In response to what amounts to a major public health crisis, the country’s education ministry recently announced plans for a smartphone app specially designed to screen students’ social media posts, messages and web searches for words, phrases and images related to suicide.
Once anything problematic is detected, the app will send an alert to the parents of students.
Although using the app will not be mandatory, the Education Ministry expressed hope that it will be installed by parents as an additional precaution against school-related stress for their children.
“Student suicide has become a social problem requiring systematic and comprehensive steps to prevent it,” the ministry said in a statement.
A survey conducted by the Korea Health Promotion Foundation found that just over half of South Korean teenagers aged 14 to 19 confessed to having suicidal thoughts. Of that number, more than 40 per cent of those in the survey attributed these feelings to pressure at school and uncertainty about their future.
Teacher unions respond with their concerns
While any move to address the problem is welcomed, the announcement of the app development brought the education ministry under sharp criticism for not addressing the root of the country’s suicide problem –namely, intense academic pressure, coupled with an ongoing stigma of mental health treatment.

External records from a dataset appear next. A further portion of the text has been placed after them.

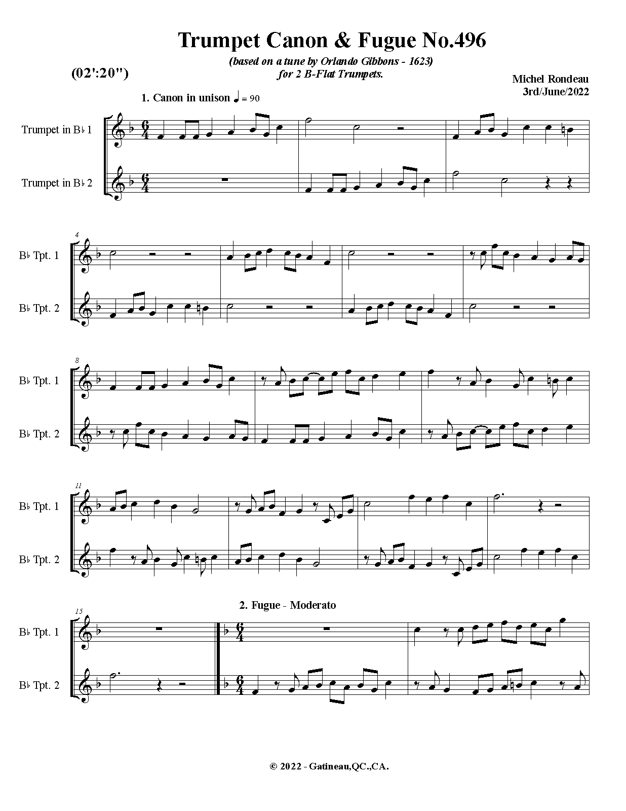 | Work Title | Trumpet Canon & Fugue No.496 |
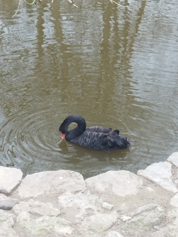 - "A solitary black swan (Cygnus atratus) is observed swimming in a murky, brownish-green body of water within Varna, Bulgaria" by FM-KEI273, licensed under CC BY 4.0
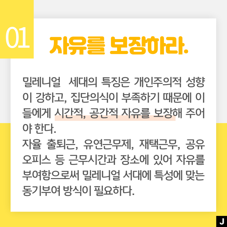 밀레니얼 세대에 대한 특징을 이해한 후, 특성에 맞는 동기부여 방법을 알아보겠습니다!

A statement by the conservative Korean Federation of Teachers’ Associations said: “Instead of a stop-gap policy, we must work out a fundamental and eventual solution, because various factors lead to the suicide of students.”
The left-leaning Korean Teachers and Education Workers Union, in addition to echoing the view that the app is a stop-gap policy, raised privacy issue concerns.
“Any direct monitoring of social networks and messaging services raises possible cause for concern,” the union said in a statement.